While much has been said recently about whether the time is now ripe for the U.S.to review its decision on Mr. Modi’s visa – especially after ‘Vibrant Gujarat’-type events have tugged at the financial heartstrings of American businessmen and Congressmen – an important question that may have been missed in the ensuing brouhaha was this: What drives perceptions of minority persecution in the U.S.?

After all it was the alleged persecution of a community that is considered a religious minority that led to the State Department decision to revoke Mr. Modi’s B1-B2 visa eight years ago. At the time media quoted Department officials saying that Mr. Modi's visa had been “ >revoked under Section 212(a)(2)(g) of the Immigration and Nationality Act .”
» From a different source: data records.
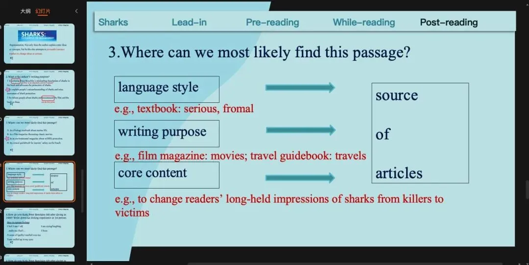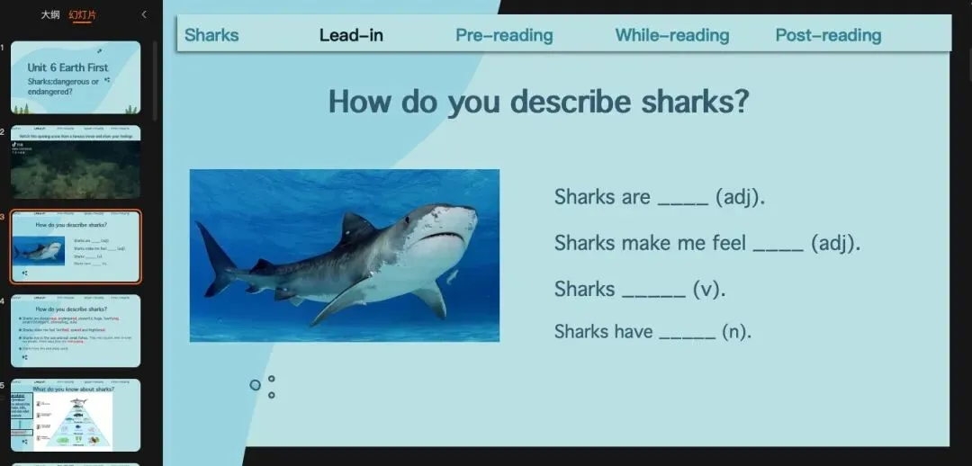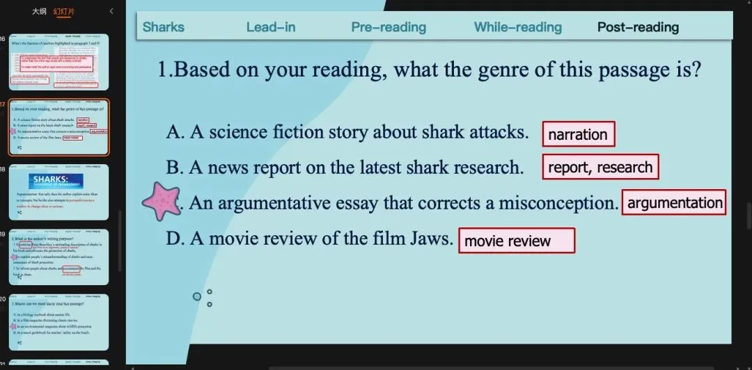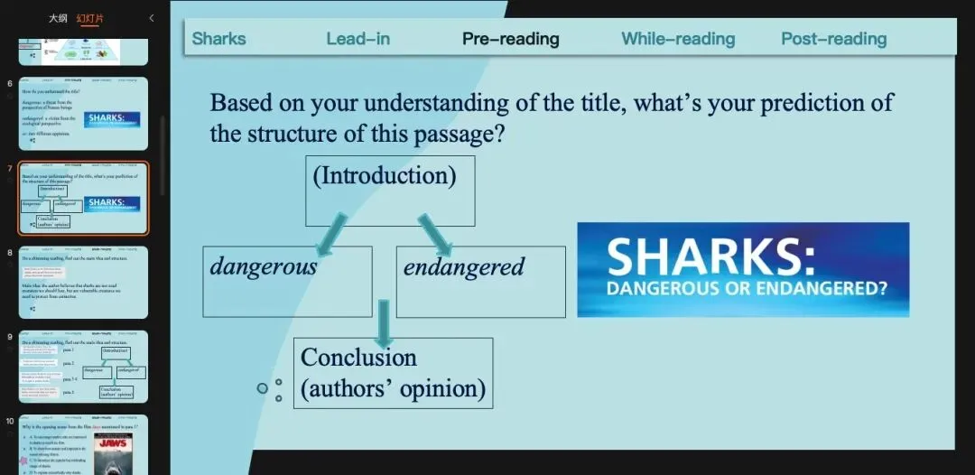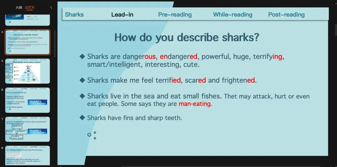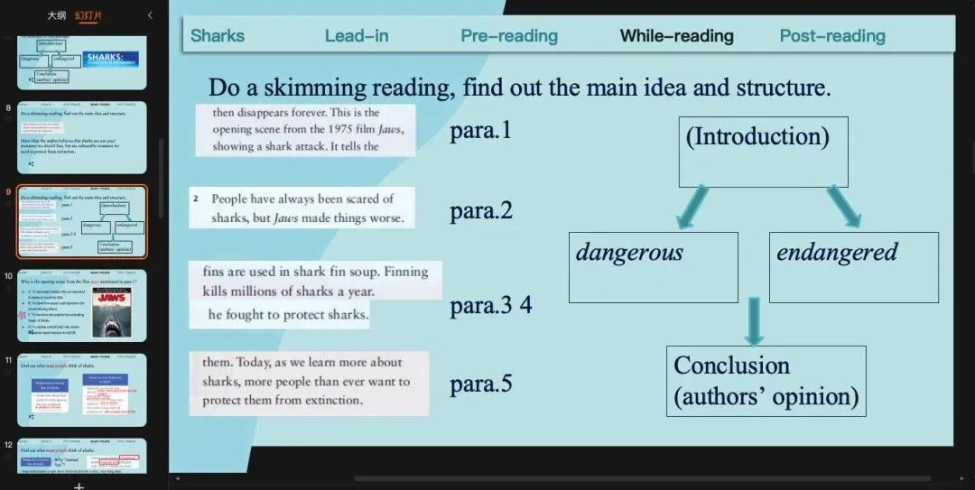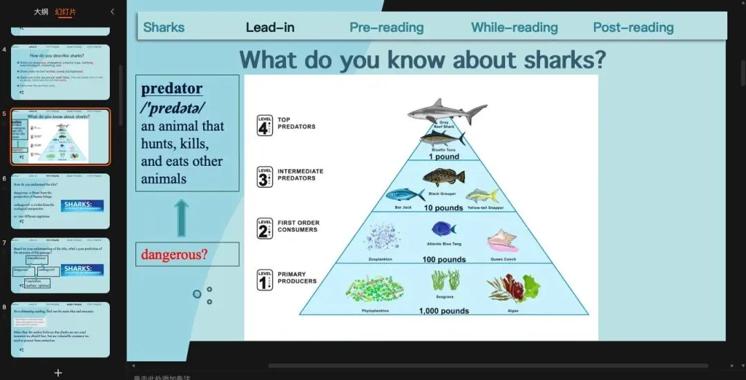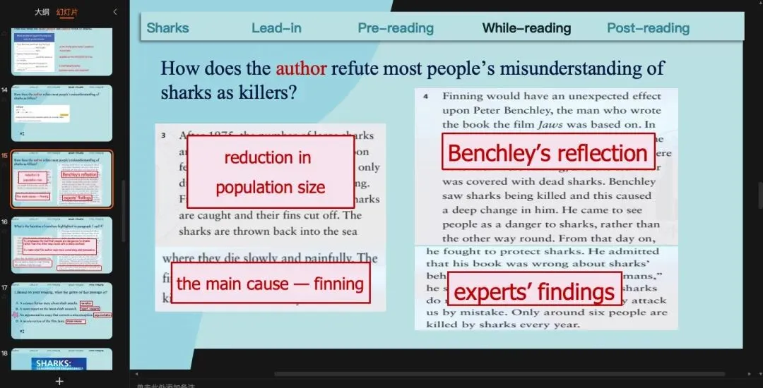 沿用上一个环节的预测,那我们可以读一遍来check我们的预测,也就是main idea(或者是作者自己对于鲨鱼是dangerous还是endangered的看法)和文章结构。这里提一句,就是现在处理文章段意和结构很多老师会用关键词来完成,但是我自己试了之后发现限定用关键词有时候反而比用完整的句子更难。基于我自己学生基础比较差的情况,我一般还是用句子,甚至我会让他们先找原文的句子。(原创ppt)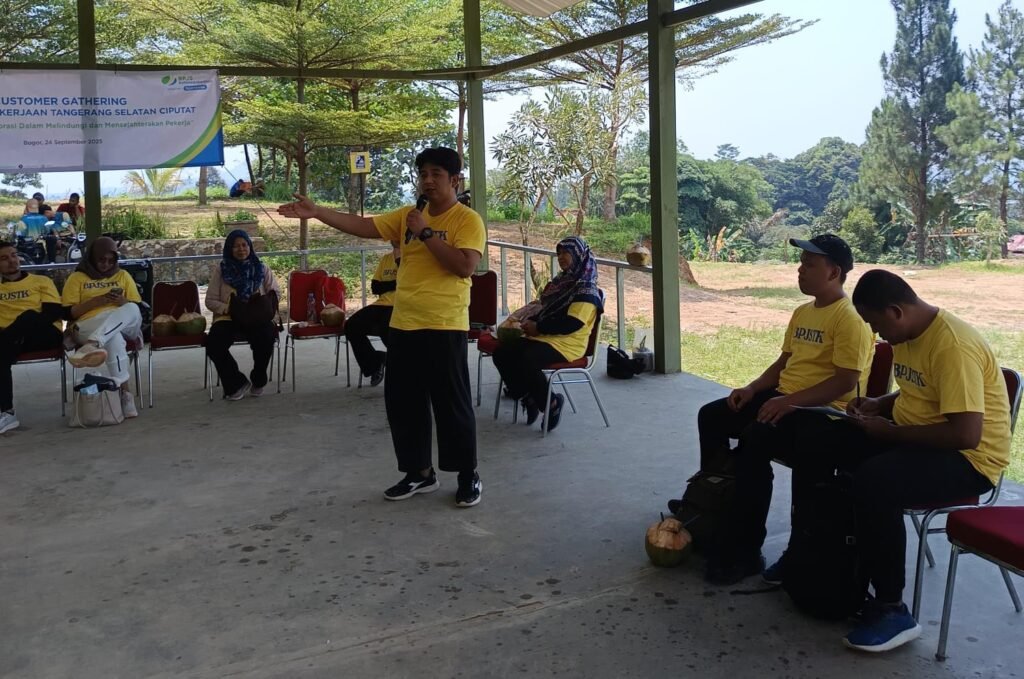Rangkaian kegiatan diawali dengan tracking menuju Curug Leuwi Hejo, dilanjutkan dengan sosialisasi program-program unggulan BPJS Ketenagakerjaan, antara lain aplikasi JMO, Manfaat Layanan Tambahan (MLT), serta Program Jasa Konstruksi (Jakon).
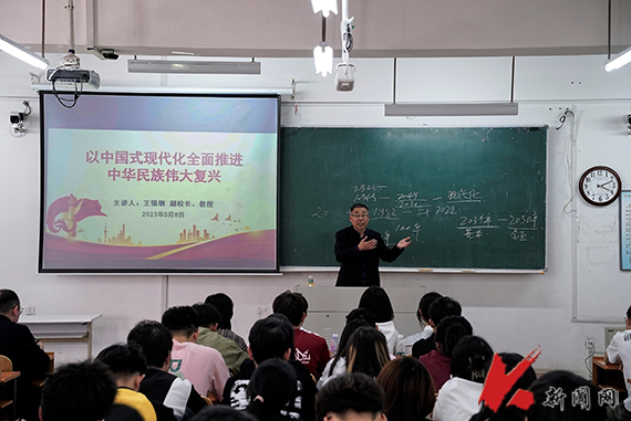 5月8日,安博官网线上平台党委常委、副校长王锡钢教授在博学楼A205教室,为自动化2021级1、2班级的学生上了一堂题为《以中国式现代化全面推进中华民族伟大复兴》的思想政治理论课。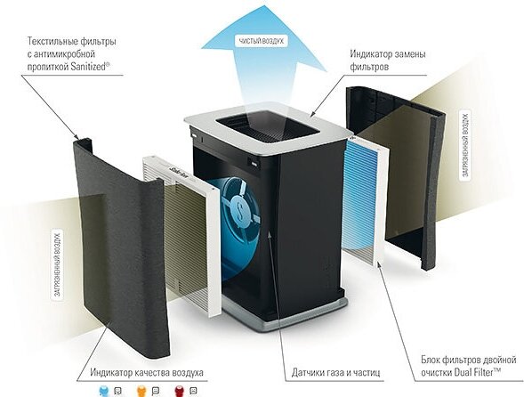 Type: air purifier, room area: 40 m², additional functions: ionization, filters: HEPA filter, pre-filter, carbon, installation: floor standing, features: display, fan speed control / and�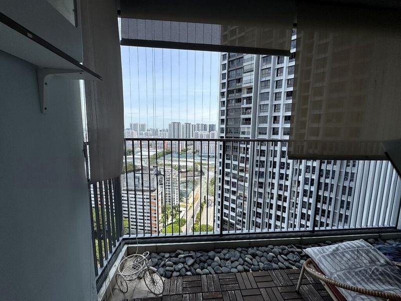 This well-maintained, fully-furnished unit boasts a thoughtful layout with standout features including a stylish platform bed in the master bedroom, a loft bed with an integrated study desk in the common bedroom, and extensive built-in storage throughout. The balcony, adorned with artificial turf, offers a perfect spot to unwind while soaking in the panoramic views.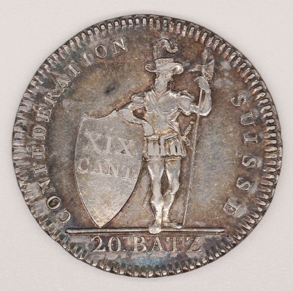 Rs.: In Strichelkreis Umschrift: «CONFÉDÉRATION – SUISSE». Auf Bodenleiste stehender, nach links blickender Krieger in «altschweizerisch-vaterländischer Tracht» in Anlehnung an die Söldnerkleidung des 16. Jhs. mit geschlitzten Beinkleidern, geschlitztem Wams und Federhut (Freiheitssymbol). In seiner Linken eine auf den Boden gestützte Hellebarde. Sein rechter Unterarm liegt auf der oberen Kante eines Schilds mit den Angaben «XIX / CANT :» (19 Kantone), darunter im Abschnitt die Wertangabe «20 BATZ».

A quick glance at the INA section quoted reveals that Washington does not take the infringement of religious freedom lightly at all, a perspective corroborated by the fact that the State Department also publishes an annual report to the U.S. Congress on International Religious Freedom, in which tome India finds consistent and critical mention.

What Section 212(a)(2)(g) of the INA says about foreign government officials who have committed “particularly severe violations of religious freedom,” is: “Any alien who, while serving as a foreign government official, was responsible for or directly carried out, at any time, particularly severe violations of religious freedom, as defined in Section 3 of the >International Religious Freedom Act of 1998 (22 U.S.C. 6402), is inadmissible.” (linked to PDF)
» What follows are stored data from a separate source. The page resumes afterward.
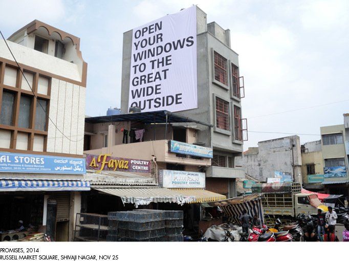 Oversized ‘promises’ in the form of real estate advertisements are promoting thenew city along the lines of global real estate and living standards. ‘The perfectunion to all you desire’ and ‘We believe luxury is best served in small quantities’, first seen along Varthur Road in Whitefield, Bangalore, caught my attention. Questions emerged about the Indian caste system, the sense of community, modesty and personal goals. The design of this urbanity also reminds me of earlier journeys to the United Arab Emirates and Shanghai. The new urbanity becomes exchangeable, custom-tailored and its ‘ultra-luxurious villas’ accessible ‘for the chosenfew’ of the Pepsi Generation. By situating these promises minus their glossy animated illusions in gaps between buildings and empty wall space in middle class central residential areas of Bangalore, the community is confronted with the new urbanity, designed for the upwardly mobile suburban society. (Quelle: Bangalore Mirror, Dec. 7, 2014)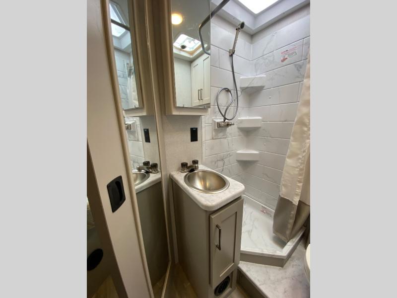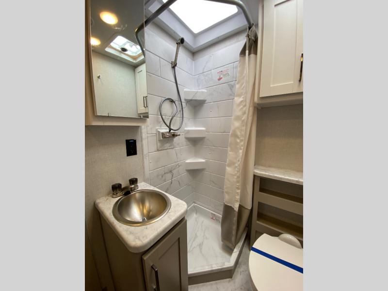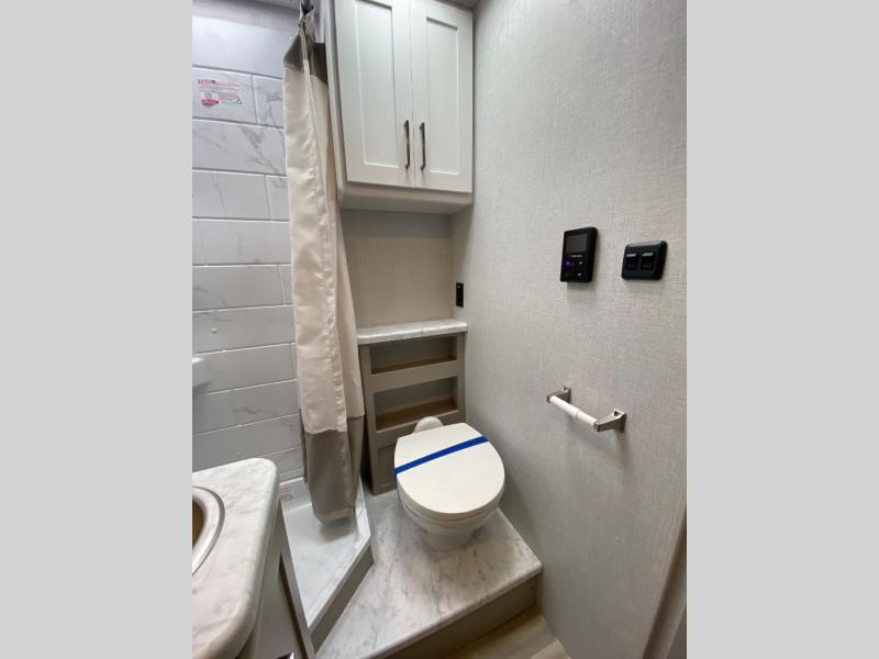 It won't be hard to find comfort in this coach for five! You can freshen up in the mid-coach full bath once you've set up camp, then make lunch on the two burner gas cooktop or convection microwave with an air fryer. There is also a 12V refrigerator for cold items and a flip-up countertop for more space. Whether you dine at the Dream Dinette slide out or take your plate outdoors under the 17' 6" power awning, you're sure to have a great time in this motorhome. The semi-private rear bedroom includes a privacy curtain, two twin beds with a king-size bed conversion, plus TV prep if you want the option to watch shows in bed. And any guests you may have can sleep on the dinette and 52" x 96" cab-over sleeping space!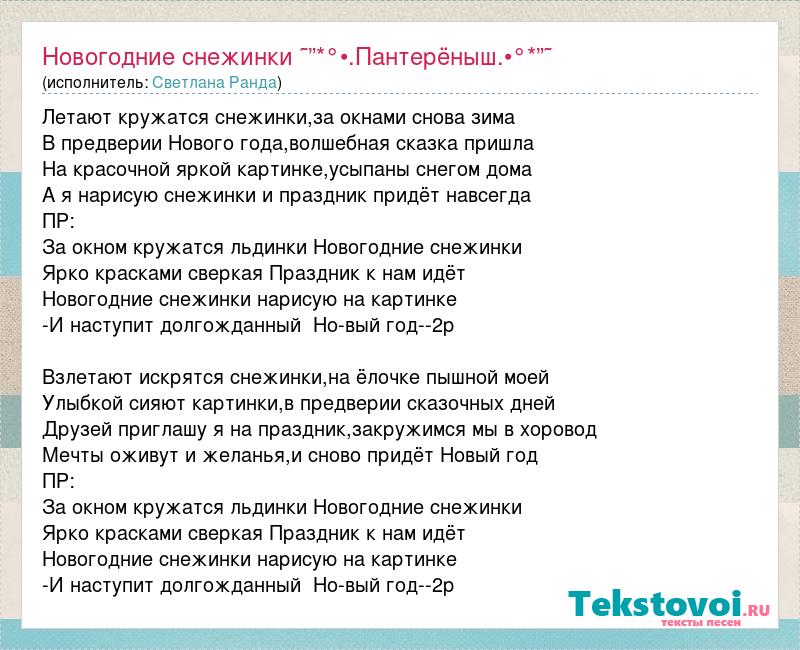 Летают кружатся снежинки,за окнами снова зима В предверии Нового года,волшебная сказка пришла На красочной яркой картинке,усыпаны снегом дома А я нарисую снежинки и праздник придёт навсегда ПР: За окном кружатся льдинки Новогодние снежинки Ярко красками сверкая Праздник к нам идёт Новогодние снежинки нарисую на картинке -И наступит долгожданный Но-вый год--2р Взлетают искрятся снежинки,на ёлочке пышной моей Улыбкой сияют картинки,в предверии сказочных дней Друзей приглашу я на праздник,закружимся мы в хоровод Мечты оживут и желанья,и сново придёт Новый год ПР: За окном кружатся льдинки Новогодние снежинки Ярко красками сверкая Праздник к нам идёт Новогодние снежинки нарисую на картинке -И наступит долгожданный Но-вый год--2р

The relevant part of Section 3 of the IRFA defines violations of religious freedom as any of the following acts if committed on account of an individual's religious belief or practice: detention, interrogation, imposition of an onerous financial penalty, forced labour, forced mass resettlement, imprisonment, forced religious conversion, beating, torture, mutilation, rape, enslavement, murder, and execution.

Obviously Mr. Modi’s presiding over Gujarat’s administration during the unfolding of the 2002 riots, in which somewhere between 1,000 to more than 2,000 people, many Muslim, were killed, is likely to have been uppermost in the mind of the erstwhile George W. Bush administration that decided to block his entry into the country.

Similarly the U.S. has been batting on the front foot when it comes to Sri Lanka and the post-war conditions faced by ethnic Tamils on the island.

Amidst media reports citing video and photographic evidence of human rights violations committed on a massive scale during the final months of the war in mid-2009, the State Department has steadily pushed the United Nations Human Rights Council to pass a resolution calling for more effective implementation of the Lessons Learned and Reconciliation Commission. That resolution is due later this month.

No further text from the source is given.